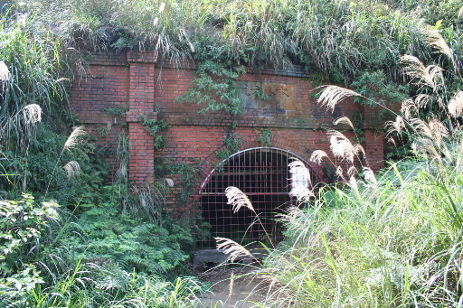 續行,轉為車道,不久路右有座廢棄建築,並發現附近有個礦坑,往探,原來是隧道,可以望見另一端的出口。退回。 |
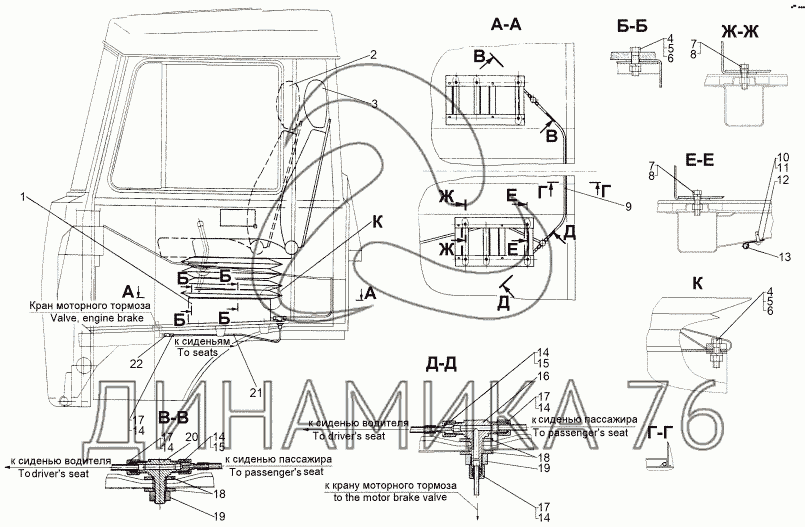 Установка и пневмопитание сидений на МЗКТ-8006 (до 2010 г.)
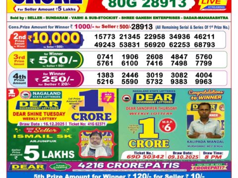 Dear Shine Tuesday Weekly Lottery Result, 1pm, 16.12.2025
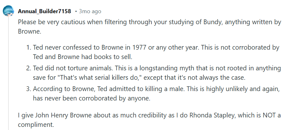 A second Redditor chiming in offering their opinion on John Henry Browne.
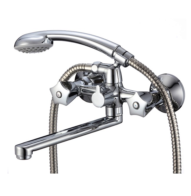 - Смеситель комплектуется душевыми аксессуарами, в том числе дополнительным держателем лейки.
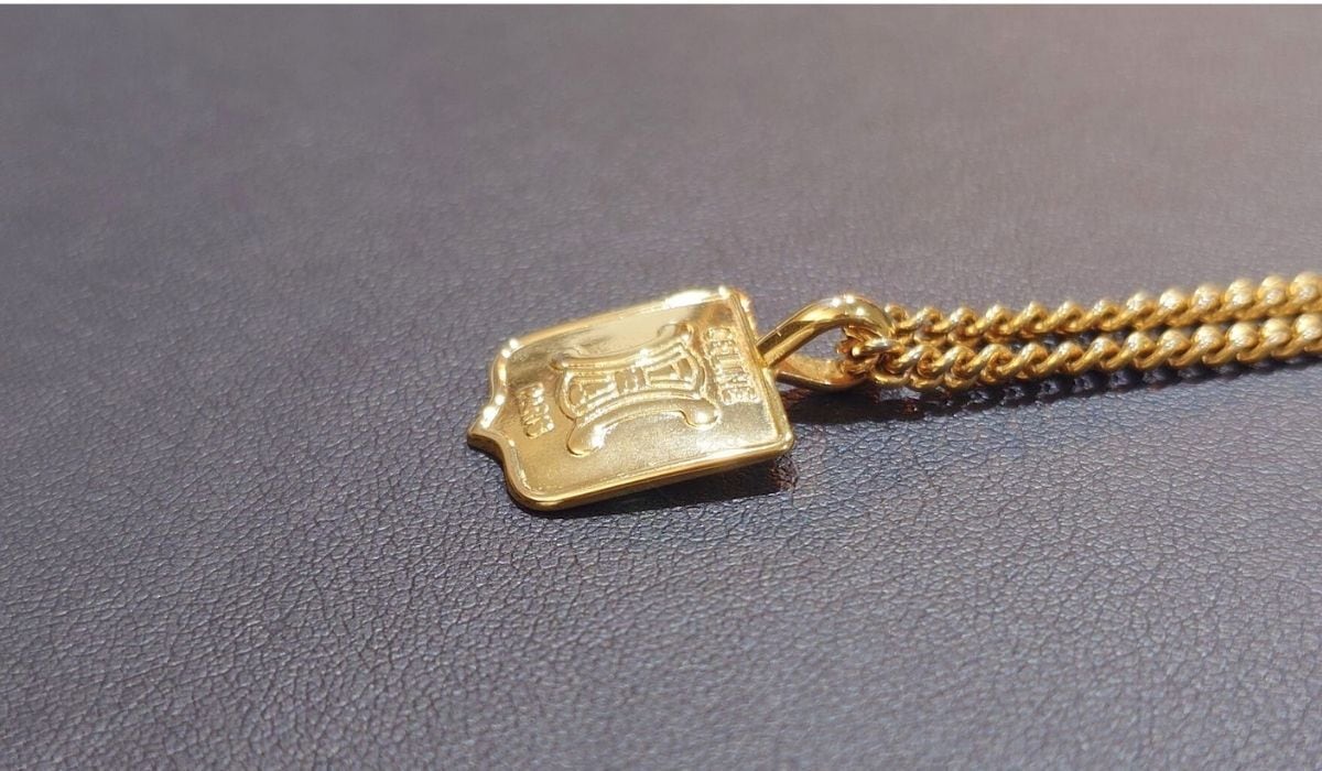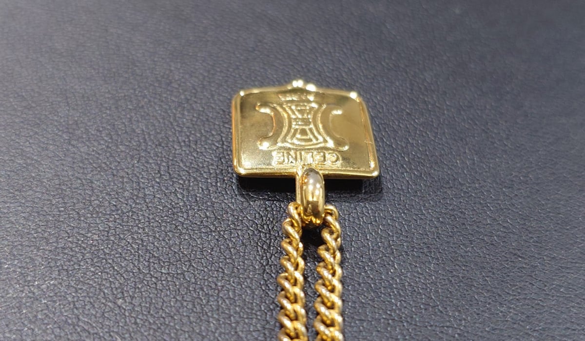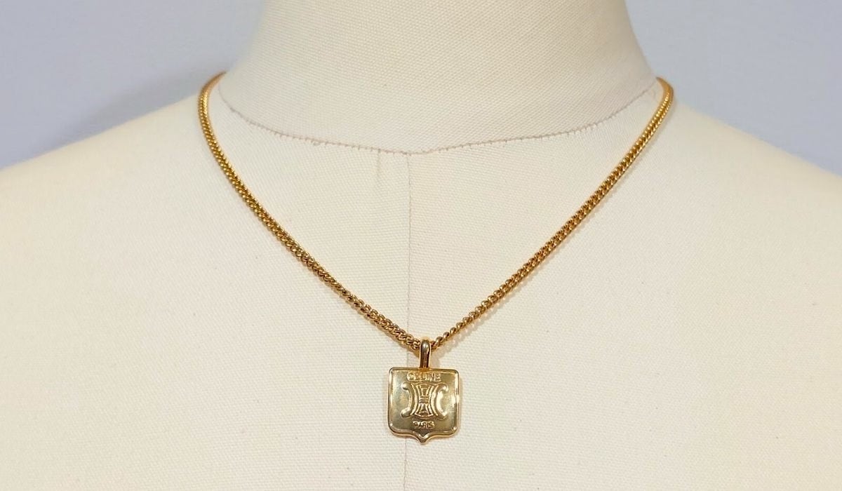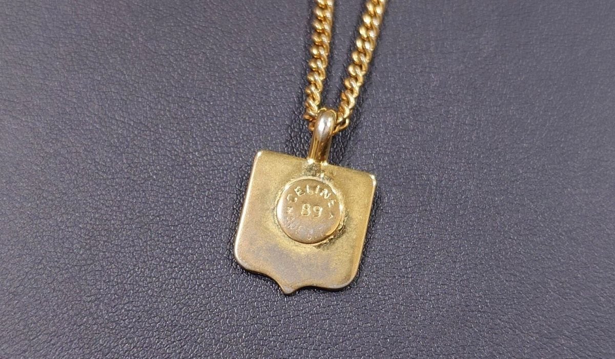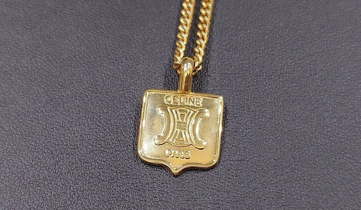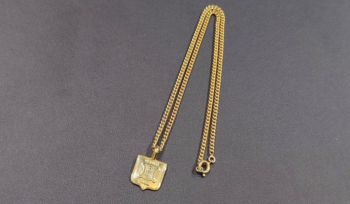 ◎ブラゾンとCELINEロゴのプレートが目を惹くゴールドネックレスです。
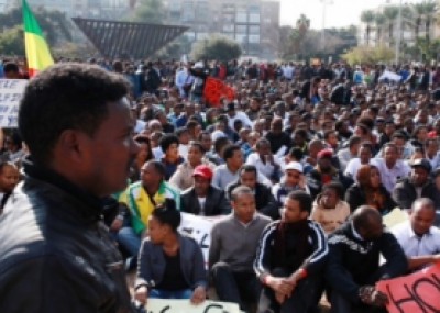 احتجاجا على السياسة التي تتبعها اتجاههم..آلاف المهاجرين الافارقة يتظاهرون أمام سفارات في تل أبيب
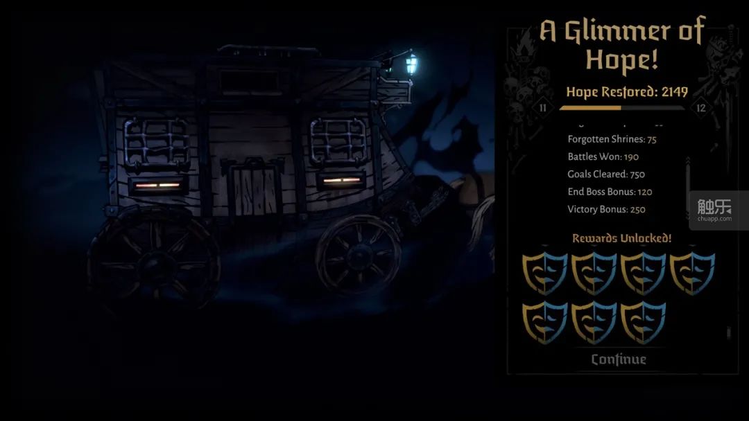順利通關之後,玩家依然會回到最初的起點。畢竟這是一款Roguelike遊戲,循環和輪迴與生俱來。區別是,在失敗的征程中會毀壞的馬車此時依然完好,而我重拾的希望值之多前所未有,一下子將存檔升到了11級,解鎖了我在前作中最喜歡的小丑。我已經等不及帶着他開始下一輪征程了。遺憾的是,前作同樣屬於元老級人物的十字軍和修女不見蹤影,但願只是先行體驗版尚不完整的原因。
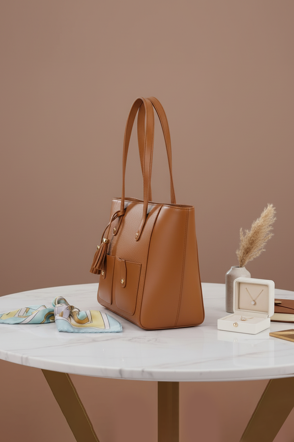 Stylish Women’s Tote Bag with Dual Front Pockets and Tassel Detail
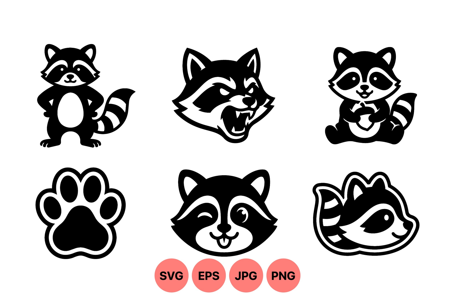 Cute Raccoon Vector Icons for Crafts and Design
--------------------------------
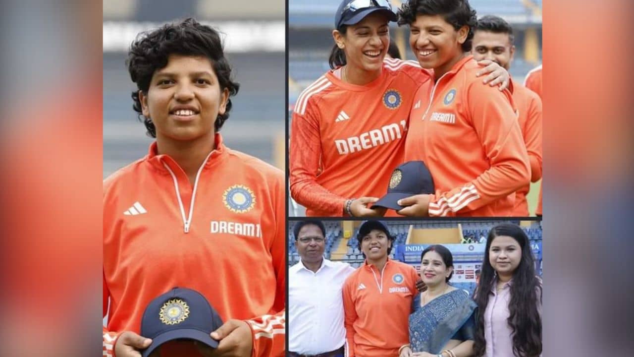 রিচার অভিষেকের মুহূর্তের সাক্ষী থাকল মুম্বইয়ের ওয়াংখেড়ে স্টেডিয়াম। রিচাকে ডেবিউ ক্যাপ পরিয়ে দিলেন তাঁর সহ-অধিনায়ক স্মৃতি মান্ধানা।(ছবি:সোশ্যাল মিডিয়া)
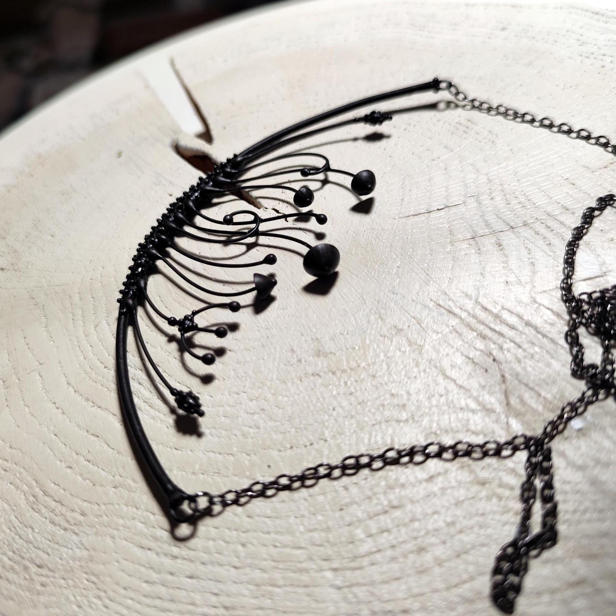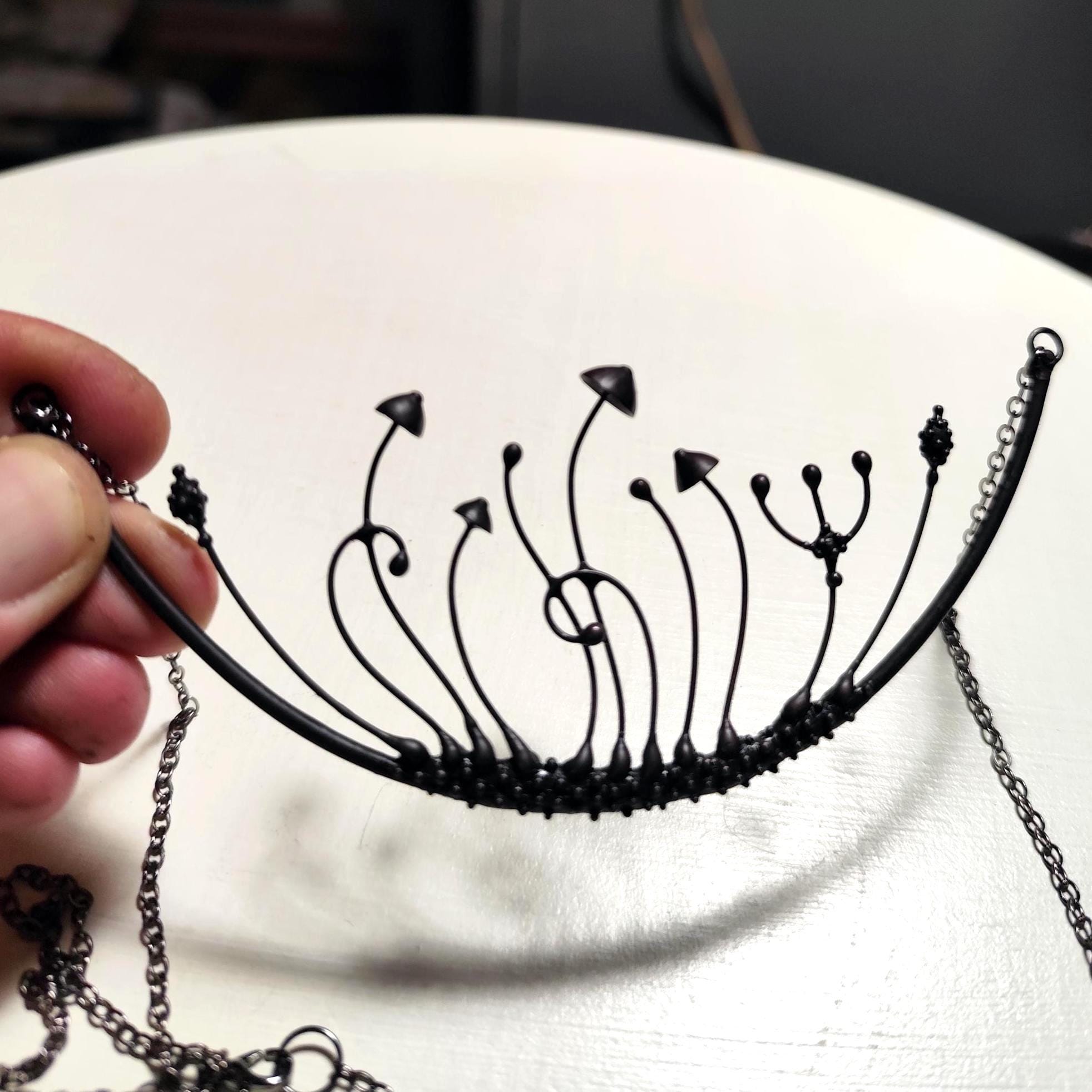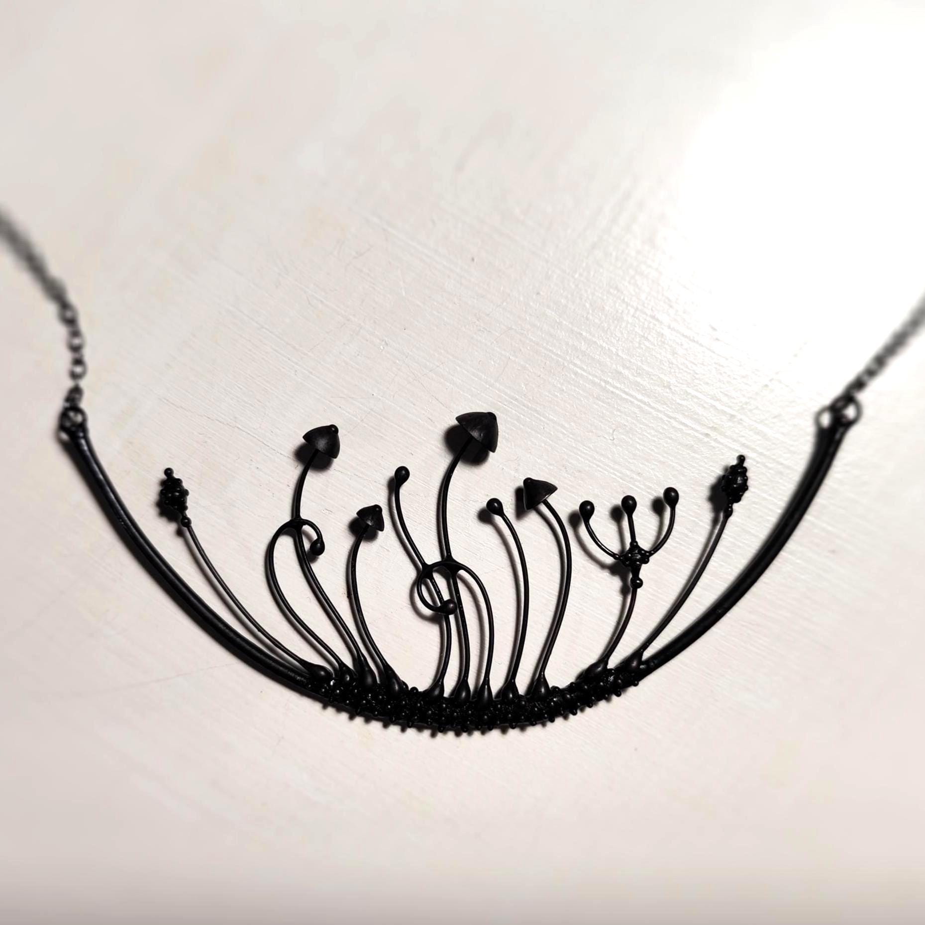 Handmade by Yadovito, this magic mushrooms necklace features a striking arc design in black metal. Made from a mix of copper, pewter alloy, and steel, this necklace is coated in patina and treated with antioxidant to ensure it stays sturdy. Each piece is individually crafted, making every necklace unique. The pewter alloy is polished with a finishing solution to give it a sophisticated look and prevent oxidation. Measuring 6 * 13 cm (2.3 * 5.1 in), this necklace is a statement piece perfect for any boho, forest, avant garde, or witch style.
--------------------------------
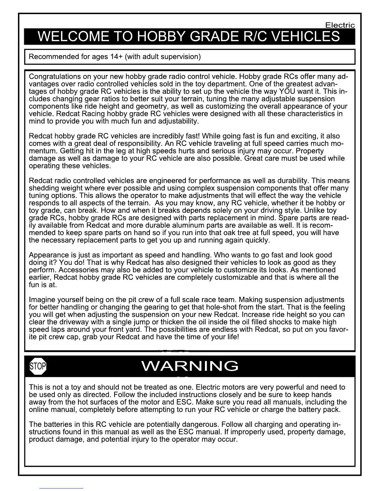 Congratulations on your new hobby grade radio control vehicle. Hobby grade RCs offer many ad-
--------------------------------
● **YOUR INSTRUCTIONS**
Would you print exactly the lines in the listing above, from the line bearing "續行,轉為車道,不久路右有座" through the line bearing "احتجاجا على السياسة", leaving out all pictures?

● **RESULT**
 續行,轉為車道,不久路右有座廢棄建築,並發現附近有個礦坑,往探,原來是隧道,可以望見另一端的出口。退回。 |
 Установка и пневмопитание сидений на МЗКТ-8006 (до 2010 г.)
 Dear Shine Tuesday Weekly Lottery Result, 1pm, 16.12.2025
 A second Redditor chiming in offering their opinion on John Henry Browne.
 - Смеситель комплектуется душевыми аксессуарами, в том числе дополнительным держателем лейки.
 ◎ブラゾンとCELINEロゴのプレートが目を惹くゴールドネックレスです。
 احتجاجا على السياسة التي تتبعها اتجاههم..آلاف المهاجرين الافارقة يتظاهرون أمام سفارات في تل أبيب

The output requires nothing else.